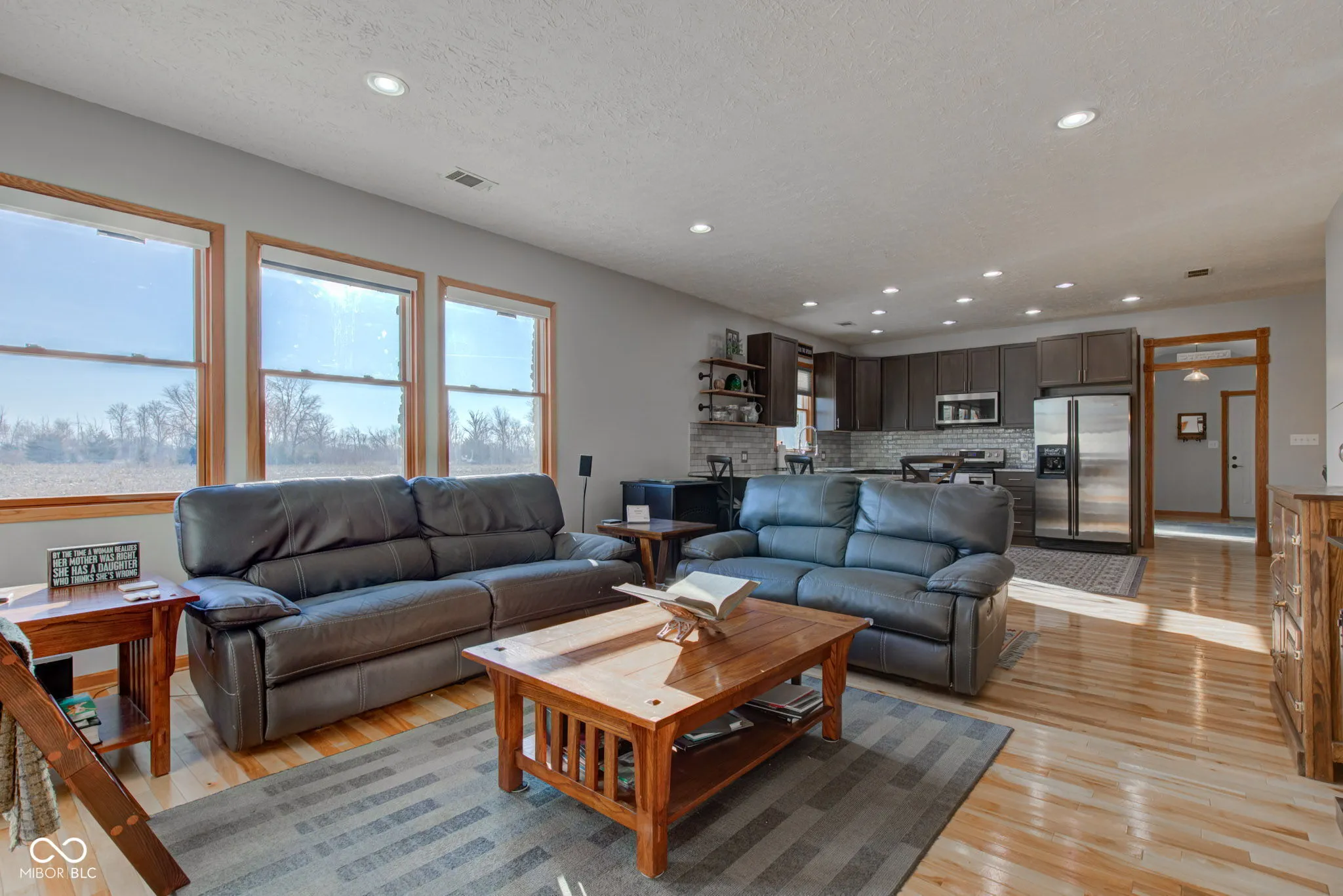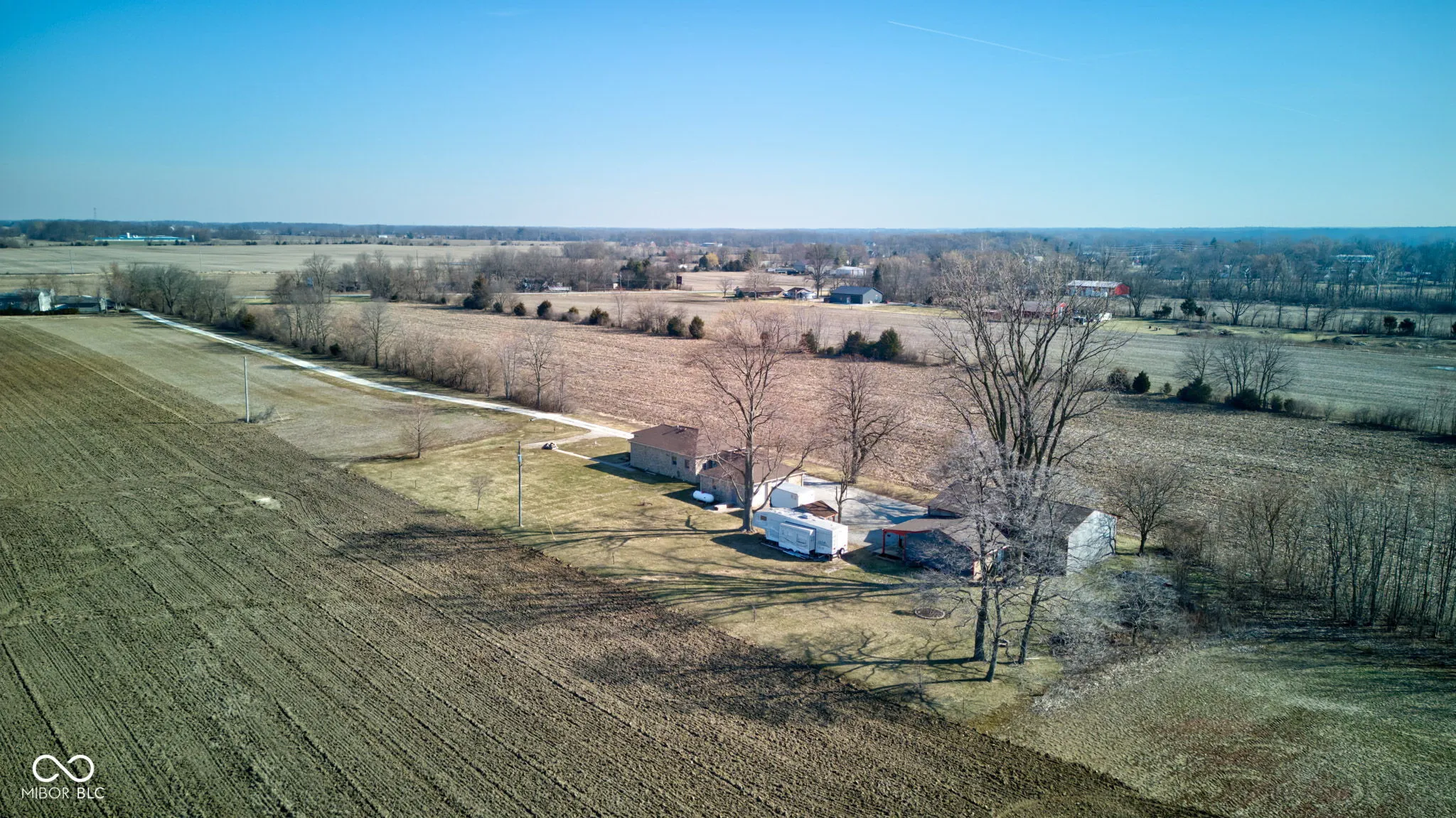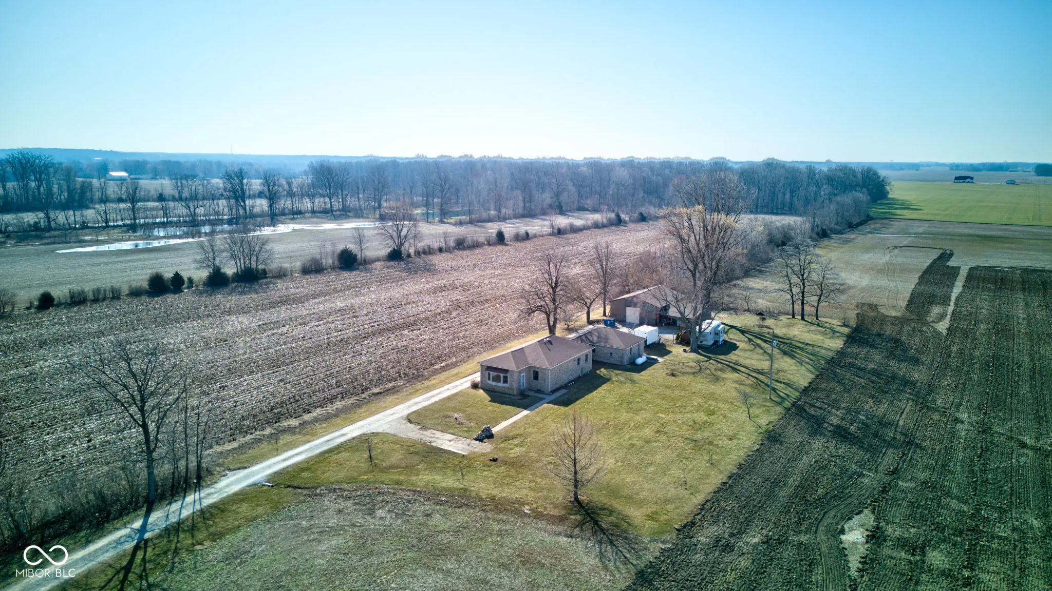 Welcome home to this beautiful 2 bedroom, 1 bath home on over 3.5 acres in Fountaintown, with a separate full in-law suite. Everything about this home has been cared for and thoughtfully updated with beautiful hardwood floors throughout most of the house. In the home you will find a kitchen with granite counters, tall cabinets, hardwood flooring and every GFCI outlet has USB ports. All appliances in the kitchen stay. The living room also has hardwood floors, a pellet stove for extra warmth, and even blinds that are controlled with a remote and run off solar power. The owner’s suite is huge with a walk in closet. The bathroom has ceramic tile, a jetted jacuzzi tub, double sinks and even a custom tile shower with 4 jets, 4 shower heads and a pressure washer. Additionally, there is an office (that could be a 3rd bedroom), 15 x 10 mud room (washer and dryer in house stay), and oversized garage. Just off of the garage you will find 24 x 6 garage storage room that has a wall heater and a 220 V plug. The home also has 9-foot ceilings, extra insulation in the attic, a tankless water heater, full house R/O system, generator hook-up ready to power whole home, a UV light filter on the furnace, new furnace in 2025 and the attic and crawl space have lighting. The home was painted inside and outside and sealed in the summer of 2024 and the roof is just 3 years old. There are two separate septic fields (1 for the house and one for the in-law suite), 400 amp electric service (200 to home, and 200 to pole barn/in-law suite), new drain tile for the field, a 140 ft deep well, and a 64 x 32 heated pole barn with concrete flooring. There are even a gala apple tree! Don’t forget about the in-law suite that has a living room, full kitchen, bathroom/bedroom, it’s own R/O system and laundry. It even has a covered porch. Don’t miss the chance to make this yours!
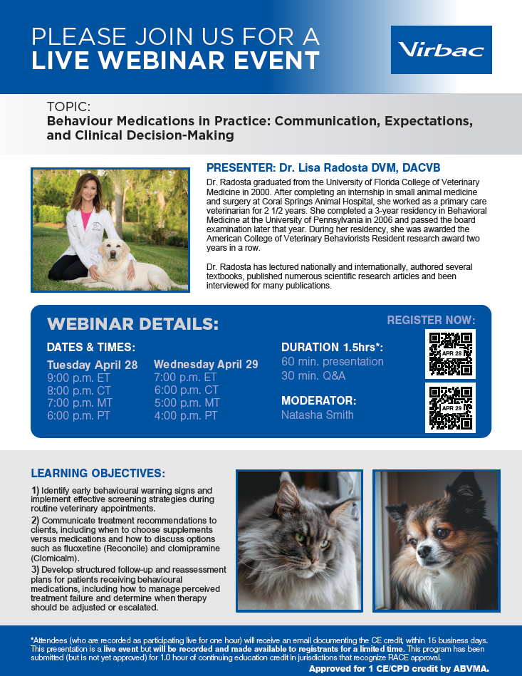 Virbac CE - Dr. Lisa Radosta: "Behaviour Medications in Practice: Communication, Expectations, and Clinical Decision-Making"
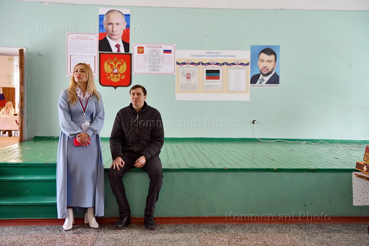 Выборы президента России в Донецкой Народной Республике (ДНР). Избирательный участок. Люди во время голосования.
---
*Task item*
Return only what lies between the line containing "Virbac CE - Dr." and the last line of the listing, those two lines included, exactly as written and with no pictures.

*Exercise solution*
 Virbac CE - Dr. Lisa Radosta: "Behaviour Medications in Practice: Communication, Expectations, and Clinical Decision-Making"
 Выборы президента России в Донецкой Народной Республике (ДНР). Избирательный участок. Люди во время голосования.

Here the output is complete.